Everyone’s circumstances are different, so our services are tailored to your specific needs. We can support and guide you through any of the following issues:
- Living arrangements for children
- Intervention orders
- Property settlement
- Financial settlement
- Estate Planning
What is the first step of Separation?
Where possible, we strongly recommend Mediation as a first step. Supported discussion to reach agreement is empowering for you, can avoid escalating tensions, and is less expensive and time consuming than involving the Courts.
Mediation can be effective, even when communication between parties seems impossible. If you are concerned about domestic violence, or other reasons that may affect your ability to engage in mediation, we can talk about options to assist you.
Can we be separated and still live in the same home?
It is possible to be separated but still to live in the same house. This is called being separated “under the one roof”.
Being separated will mean that, for example, you no longer sleep in the same bed, no longer have sex together, you may cook and eat separately and no longer do household chores for each other.
When does Separation become official?
Separation happens when you and your husband/wife or partner stop living together as a couple.

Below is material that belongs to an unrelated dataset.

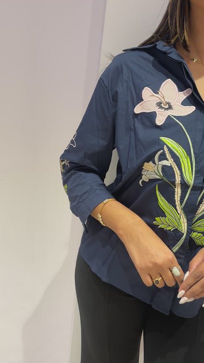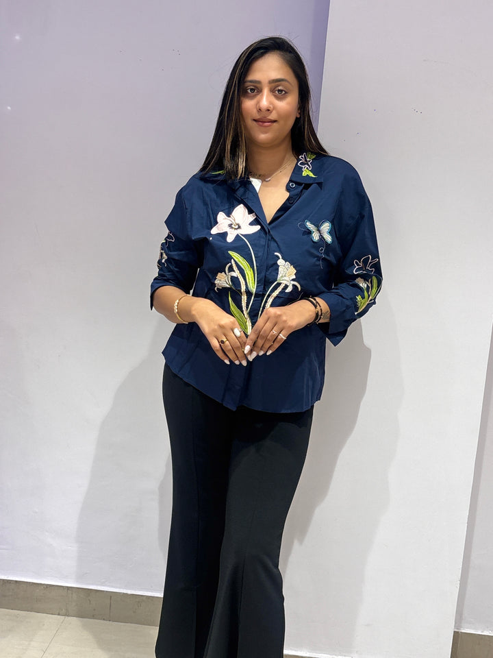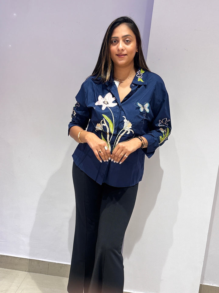 Navy blue shirt top with delicate floral and butterfly embroidery, bringing a touch of elegance to your everyday style.

You do not need an official document to say that you are separated. One or both of you may make the decision to separate and tell the other person of that decision. One of you may then decide to move out of the home.
Even though there is no official separation document, there are some agencies you may need to tell that you and your husband/wife, or partner, have separated. You may need to tell Centrelink, if you receive benefits already or if you need financial assistance. You may also need to contact the Child Support Agency; if you have children living with you, you may be entitled to financial payments (child support) from your husband/wife or partner.
Can I keep my married name when Separated?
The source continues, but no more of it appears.